● Input data:
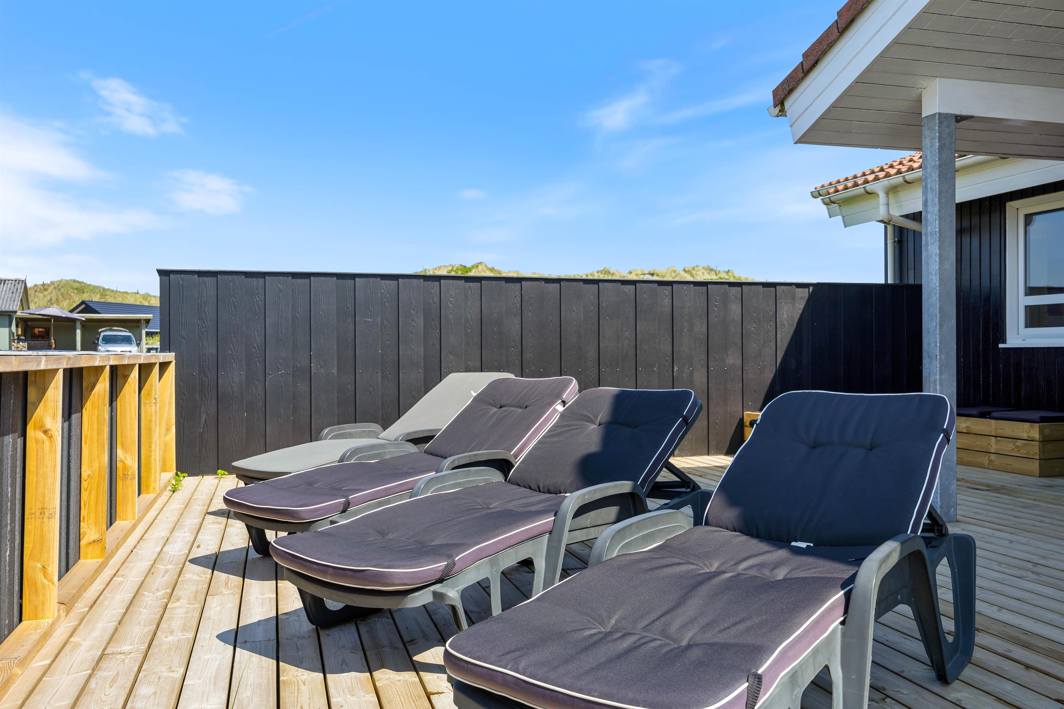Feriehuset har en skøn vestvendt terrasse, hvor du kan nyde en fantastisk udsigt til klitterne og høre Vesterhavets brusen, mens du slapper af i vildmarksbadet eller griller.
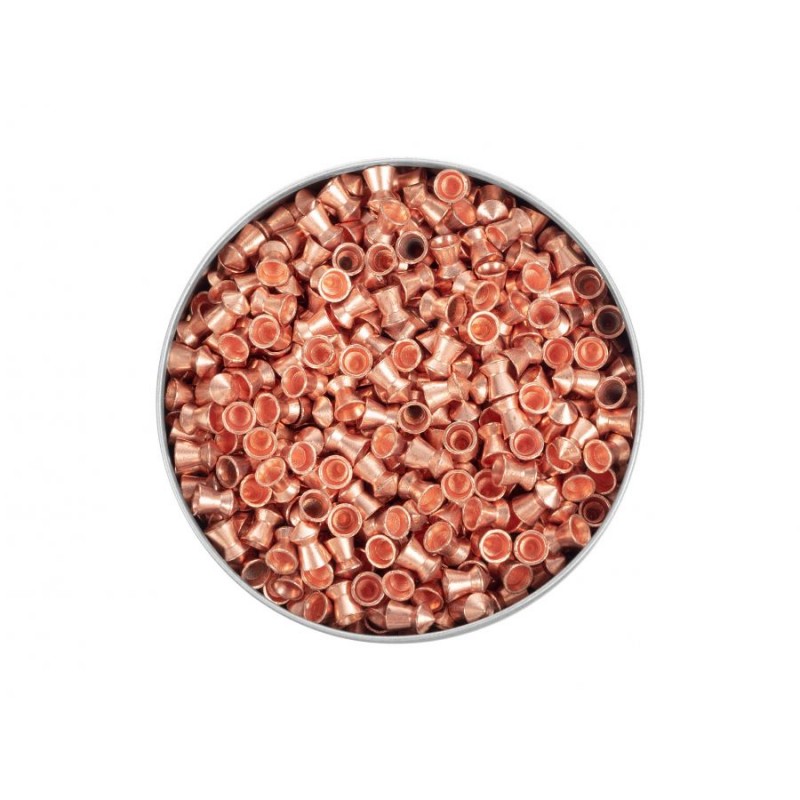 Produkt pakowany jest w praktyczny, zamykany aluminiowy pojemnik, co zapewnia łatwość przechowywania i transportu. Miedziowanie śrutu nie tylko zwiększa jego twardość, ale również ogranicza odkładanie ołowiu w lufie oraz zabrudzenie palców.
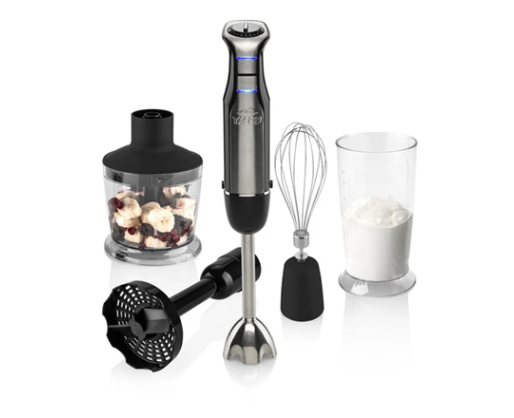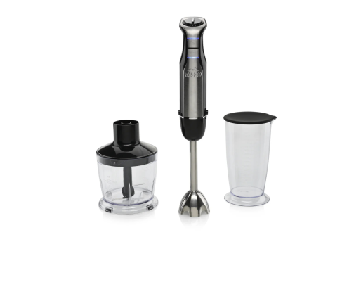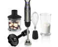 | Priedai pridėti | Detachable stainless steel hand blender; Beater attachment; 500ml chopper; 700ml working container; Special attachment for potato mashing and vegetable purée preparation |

● Problem to work on:
Please output the listing above exactly from its first line through the line with "Produkt pakowany jest", both included, and nothing beyond that line. Omit pictures.

● Expected answer:
Feriehuset har en skøn vestvendt terrasse, hvor du kan nyde en fantastisk udsigt til klitterne og høre Vesterhavets brusen, mens du slapper af i vildmarksbadet eller griller.
 Produkt pakowany jest w praktyczny, zamykany aluminiowy pojemnik, co zapewnia łatwość przechowywania i transportu. Miedziowanie śrutu nie tylko zwiększa jego twardość, ale również ogranicza odkładanie ołowiu w lufie oraz zabrudzenie palców.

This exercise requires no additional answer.